The big move now will be with the opening of Cloquet's new middle school.

"Several of the programs will shift, including our office, which will move from the current middle school to the new school," Ruth explained.

They have to be done there on June 29, at which time Ruth and her staff of seven will move into temporary quarters in the high school guidance area until the new middle school is complete. Time for Tots Preschool and Early Childhood Family Education programs, now in the middle school, will move into the new wing at Churchill at the end of June.

"There's just a lot of movement of programs right now," she said. "I've never been through a building project before!"

Ruth said Community Education's adult education programs are going strong as well.

"I have really good staff here and they work really hard. It's almost like a mission for them, looking for opportunities to talk with people, finding out what they want and trying to make that happen."


Although both Keith and Ruth are extremely busy with their jobs, they remain committed to the passion that brought them here.

"When we first moved here," said Keith, "we decided we wanted to be active and explore this great area. Eventually we got on the Lake Superior Hiking Trail and decided we were going to hike it — all of it! It took us a couple of years but we did it."

The lower sections were easy to drive out and back, so they'd do five or 10 miles in a segment. Once they got further along, they stayed and camped.

"We have an old minivan so we'd park a vehicle on both ends," explained Ruth. "Where the trail crosses a road there's often a small parking lot where you're allowed to camp, so we took the seat out of the back of the van and slept in there."

"Then we'd get up early, as the sun was coming up, and get back on the trail!" added Keith.

Both are proud to point out their "trophy" — an extended series of maps posted around the walls of their dining room that depicts the various sections of the hiking trail, with each segment highlighted as they hiked it.

"Even when we got off a particularly sweaty, buggy trip and were hot and tired, we really looked forward to coming home and recording it on the wall," said Keith.

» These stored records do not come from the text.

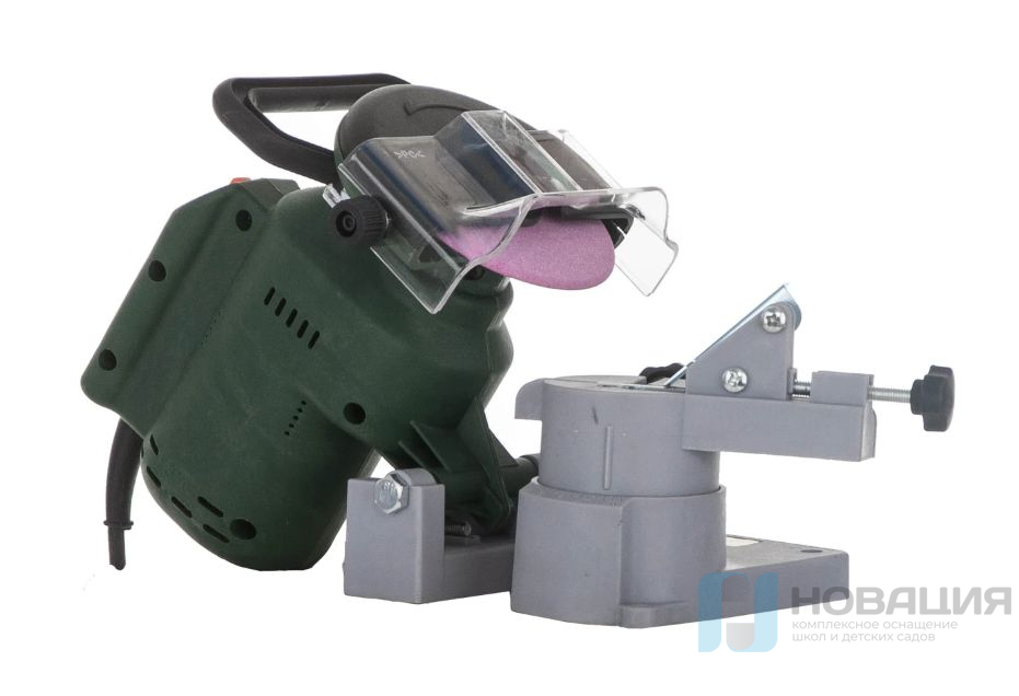 Станок затачивает цепи бензиновых и электрических пил. Поставляется в пластиковом корпусе. Основание металлическое с отверстиями для монтажа к горизонтальной поверхности.
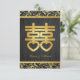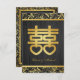 Cartões de RSVP de Felicidade Dupla Chinesa para Casamentos. Fundo Elegante negro e Dourado.
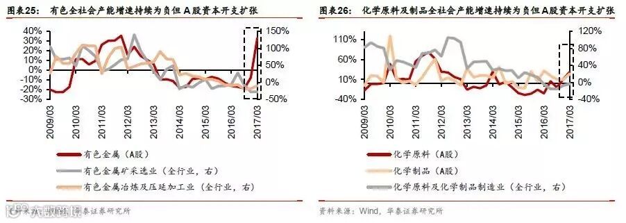 产能角度关注全社会产能增速下降或为负但A股资本开支扩张的行业
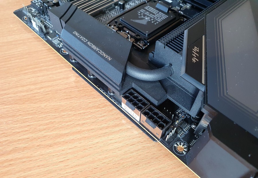 А все потому, что под парой крупных радиаторов с нанокарбоновым покрытием, «связанных» тепловой трубкой, сверху и слева от процессорного разъема, спряталась мощнейшая 23-фазная система питания. И это честные, а не маркетинговые фазы — без удвоителей и прочих хитростей. Из 23 фаз 20 предназначены для питания непосредственно процессорных ядер, еще пара выделена для интегрированной графики и одна работает на встроенный контроллер оперативной памяти и контроллера PCI-Express. Такая система питания без проблем обеспечит прожорливые топовые Core стабильным питанием не только на максимальных стандартных частотах, когда потребление процессоров стремится к значению 300 ватт, но и в разгоне.
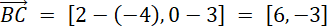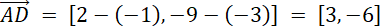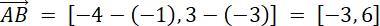 Najpierw musisz skonstruować podane wektory, odejmując od siebie współrzędne punktu początkowego od współrzędnych punktu końcowego:
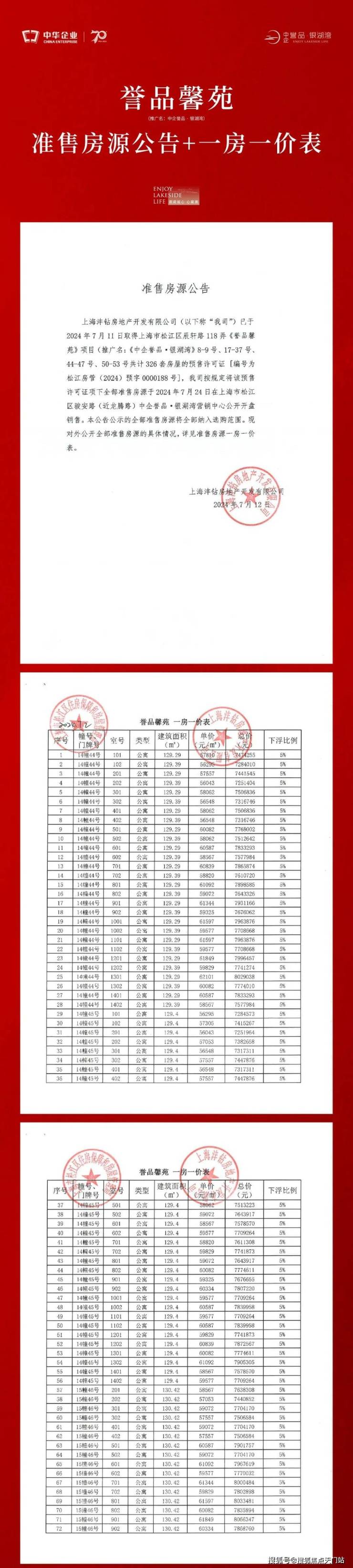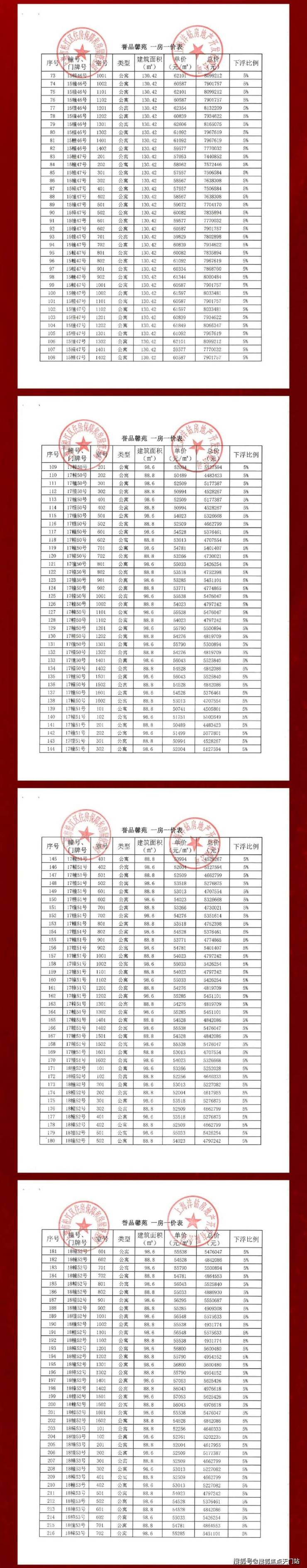 一房一价表如下:
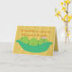 Cute triplet baby peas sit nestled into an open pea pod on top of a striped yellow background. The girl with her pink bow, eyelashes, blushing cheeks and one tiny tooth and the boys with their noses poking out over the edge make them especially adorable. The cover text says: "We heard there is a few new little sprouts in the garden" and the inside text reads: "Congratulations on your new triplet babies!" Customizable! Don't like the background color inside the card, font style, or font color? Click on the "Customize It" button to change. The striped background is also removable. Check out our other Pea Pod Pals, and New Baby products too. Want this design on something else? Just ask!
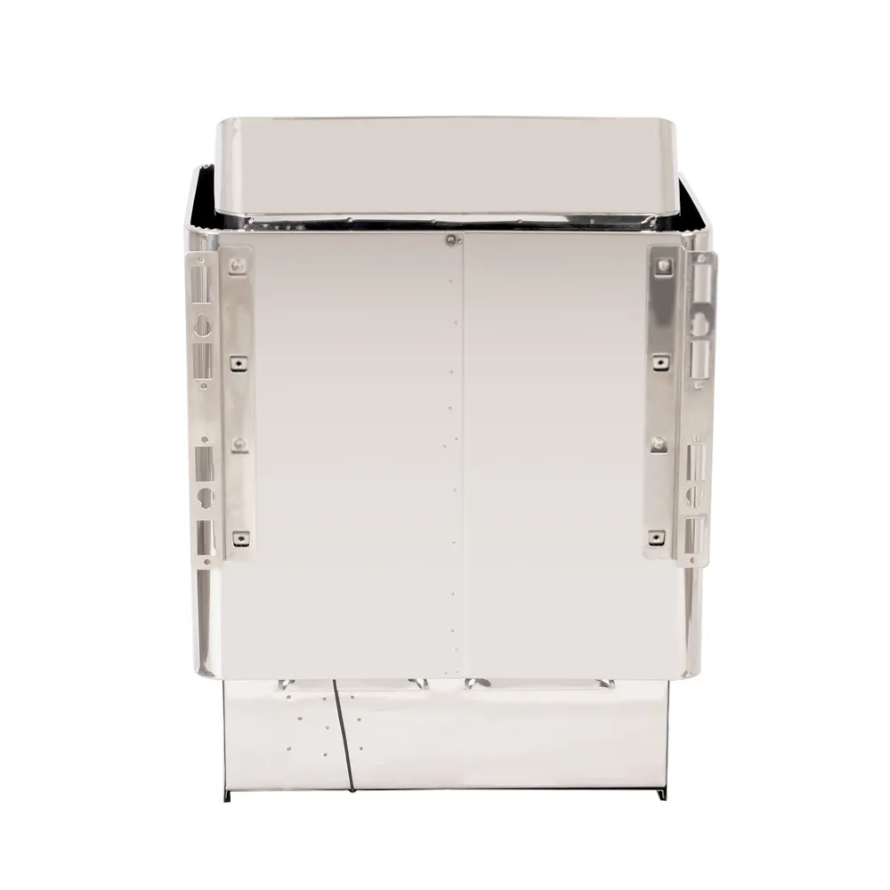 В камеру вокруг электронагревателей укладывается до 10-15 кг камней. На корпусе имеется Встроенный блок управления температурой (термостат).
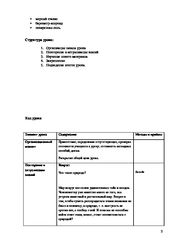 • познакомить учащихся с методами изучения природы, их использованием в практической деятельности.
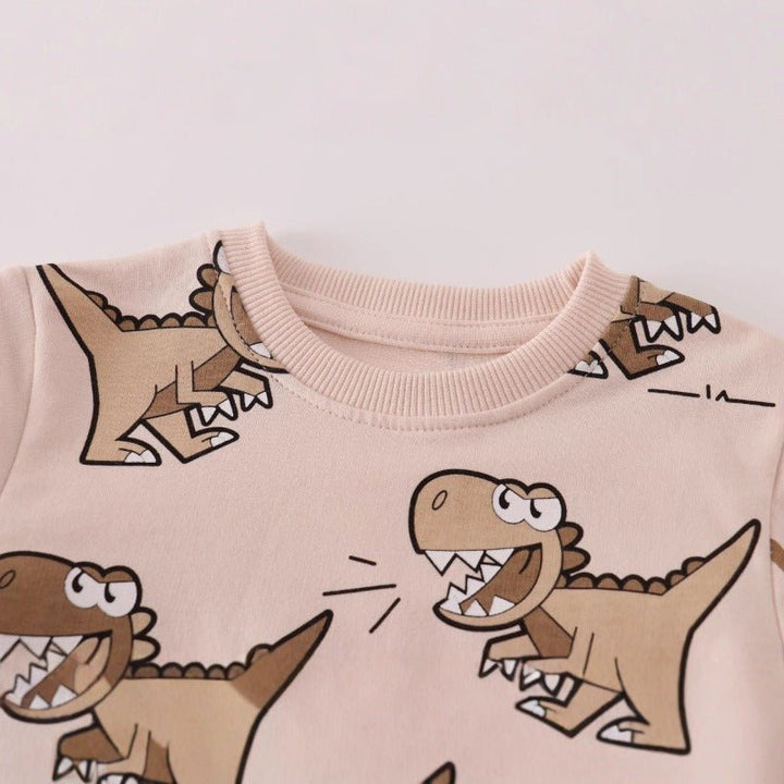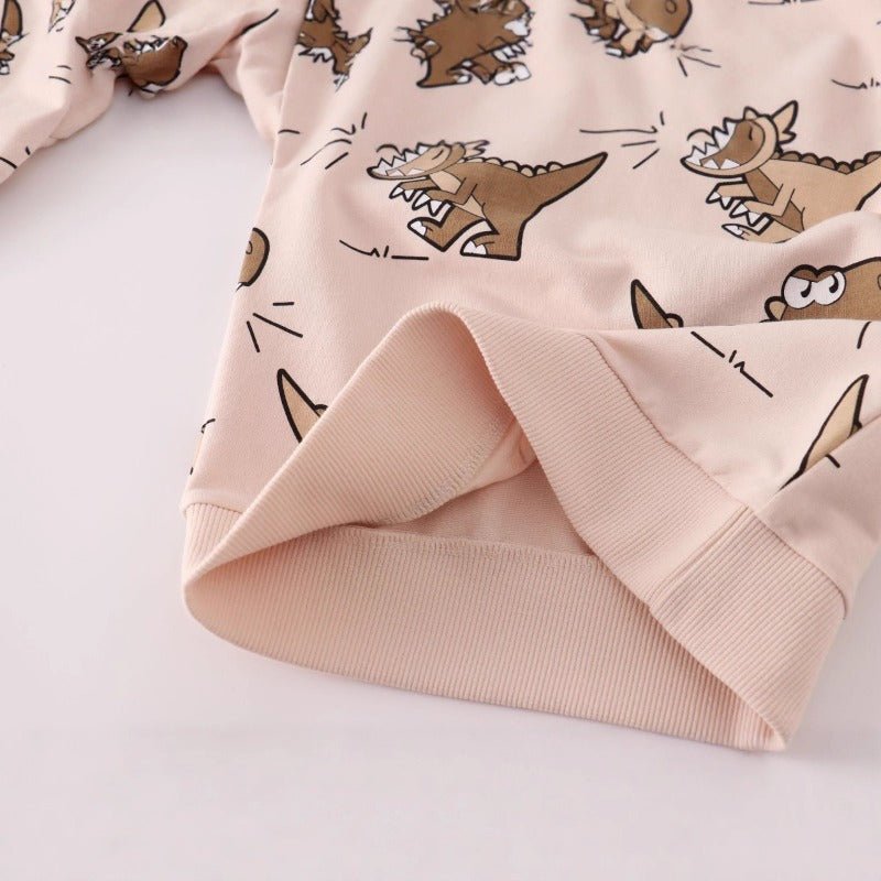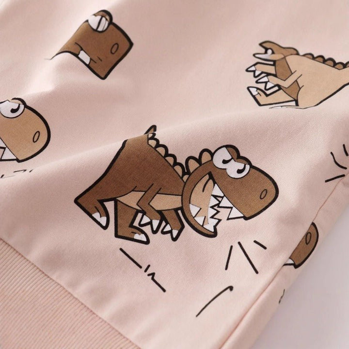 Let your little one roar with style in this adorable brown sweatshirt featuring cheerful cartoon dinosaurs! Perfect for dino-loving kids, this cozy pullover combines comfort with fun prehistoric vibes. The playful print brings imagination to life, making it ideal for everyday adventures, playdates, or casual outings. Soft and durable, it's designed to keep up with active toddlers and kids while keeping them warm and happy.
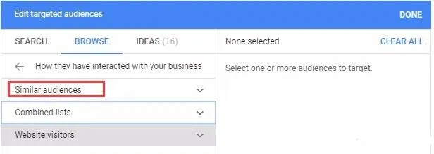 这类定向的关键在于数据源:需要有之前与你网站发生交互的数据,这样谷歌才能了解你的目标用户。
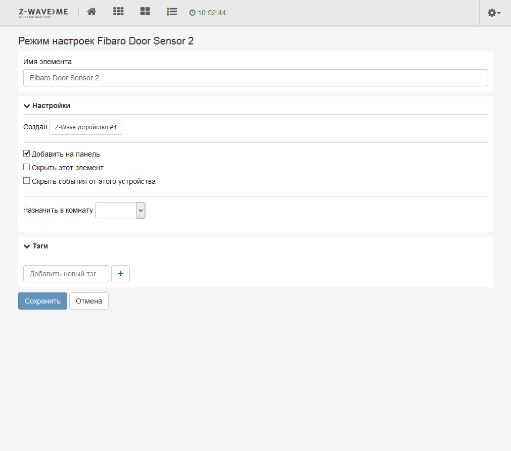 В свойствах вы можете записать собственное название, вывести его значок на основной экран, назначить комнату и тэги, а также скрыть его в системе, если данный компонент не требуется в текущей конфигурации.
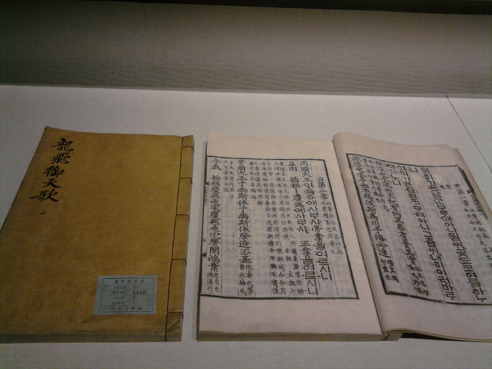 《용비어천가》는 한글 창제 이후 처음으로 간행된 문헌이자 악장(樂章)으로, 조선 건국이 하늘의 명에 따라 이루어진 위대한 업적임을 강조하며 왕조의 정통성을 확립하고자 하였다. 내용은 목조부터 태종에 이르는 조선 선대 6대 임금의 사적을 중국 고대 제왕들의 사례와 비교하며 노래하는 형식으로 구성되었다.[8][9]
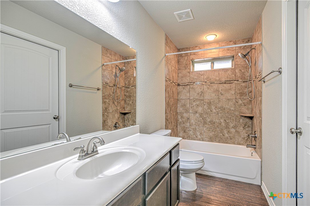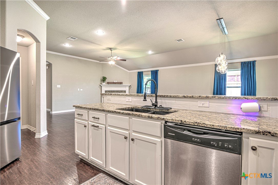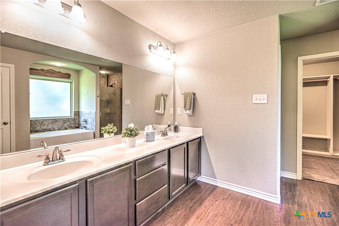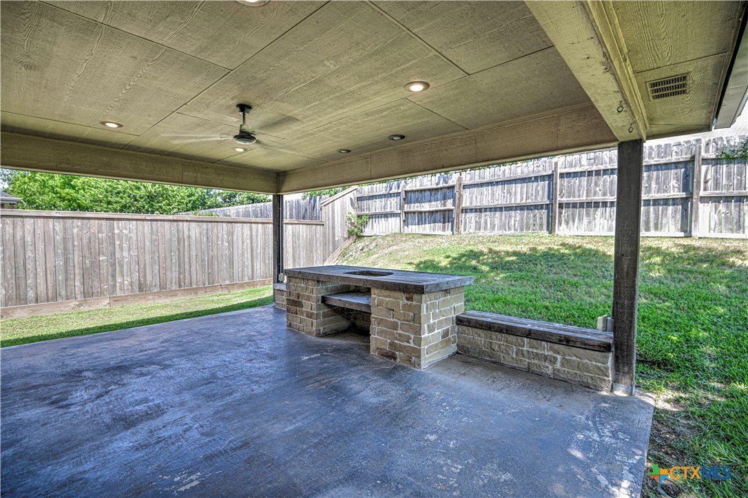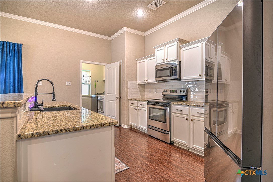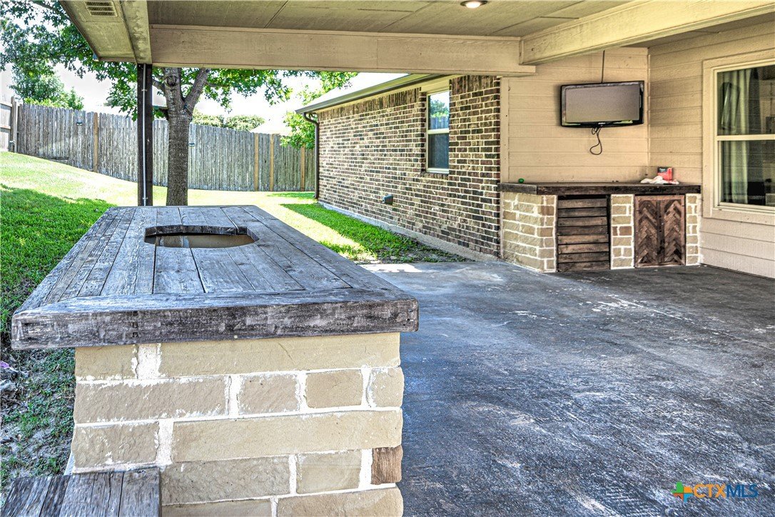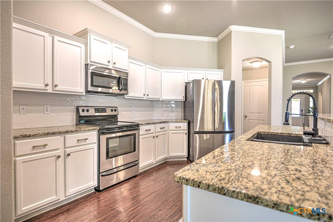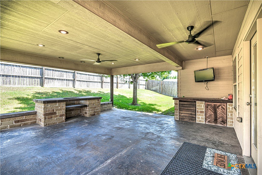 Exquisite Beauty! Welcome home to this highly sought after, gated community of Southern Draw. Impeccably maintained, this spacious home is a perfect blend of open split floor plan and spacious comfort. The home has modern upgrades and beautiful features, it features the hard to find-true guest suite with a full bathroom and private entry into the three-car garage. A very functional layout that is ideal for family or entertainment, from the gorgeous kitchen with subway tile to the spacious living areas. The kitchen boosts stainless steel appliances, granite counter tops, custom cabinets with cabinet pulls, and island over looking the dining and living room area. Laundry room has lots of built-in cabinets for storage. Step outside to the oversized covered patio and enjoy the peaceful backyard oasis, with built in area for a big green BBQ egg! Perfect for relaxing or hosting gatherings with friends and family. Master bedroom and bathroom are oversized with separate shower and tub, double vanity, and walk in closet. Located in West Temple, this home is conveniently close to shopping, dining, and entertainment of both Temple and Belton. Belton ISD
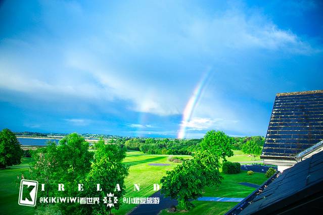 早晨一缕阳光投射进房间,用双手拉开窗帘,难得爱尔兰的天空放晴,阳光温暖,空气清新自然,远远的地平线上出现两道彩虹,这是大自然的馈赠,倚着栏杆欣赏这蓝天碧草下的美丽风光,感觉好兴奋。
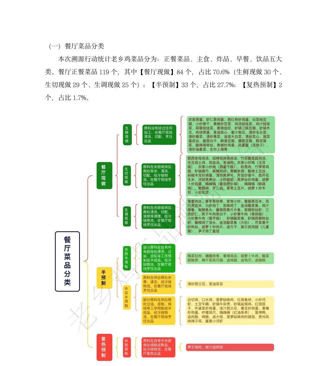 而根据这份《老乡鸡菜品溯源报告》显示,老乡鸡当前正餐菜品中“餐厅现做”占比70.6%,“半预制”占比27.7%,“复热预制”占比1.7%。
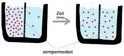 La ósmosis es un tipo de transporte pasivo en el cual solo las moléculas de agua son transportadas a través de la membrana. El movimiento se realiza a favor de la gradiente, esto es desde el medio de mayor concentración de soluto hacia el de menor concentración de soluto, con ello permite equilibrar las concentraciones del soluto de los medios separados por la membrana celular. La función de la ósmosis es mantener hidratada a la célula, dicho proceso no requiere del gasto de energía (ATP).[9]

Ruth kept a journal every day, recording what the temperature was, how many people they encountered and what the terrain was like.

"It's world-class scenery up there," she attested. "Basically, you're walking from here to Canada. The trail goes through every park up there. Though we'd been to those parks, you see them a little differently when you're on the hiking trail."

On most of the trail they didn't encounter many other people.

"Sometimes we'd go without seeing anyone," said Ruth, "and many days we'd encounter only one or two."

"The Lakewalk in Duluth is part of the trail too," added Keith with a chuckle, "so you can't say that about all of it!"

Now that the Big Adventure is over, the Reeves say they've kept busy with pursuing the simple pleasures of their own backyard — strolling around Spafford Park, having a cup of coffee at The Warming House, doing a little cross country skiing or snowshoeing at Jay Cooke and visiting the Sax-Zim Bog near Meadowlands.

They also fulfilled one of the wishes on Ruth's bucket list — taking their sea kayaks to the Apostle Islands.

"We got to go all through the sea caves and it was wonderful!" she exclaimed.

In the meantime, Keith has a little bucket list of his own — to go fishing on Chub Lake and go fishing on the river.

"I just love to fish!" he said with a grin. "One of the jokes about being a fish biologist is that you don't have time to fish, or that you don't want to because you see so many big fish. But in the end, I still do!"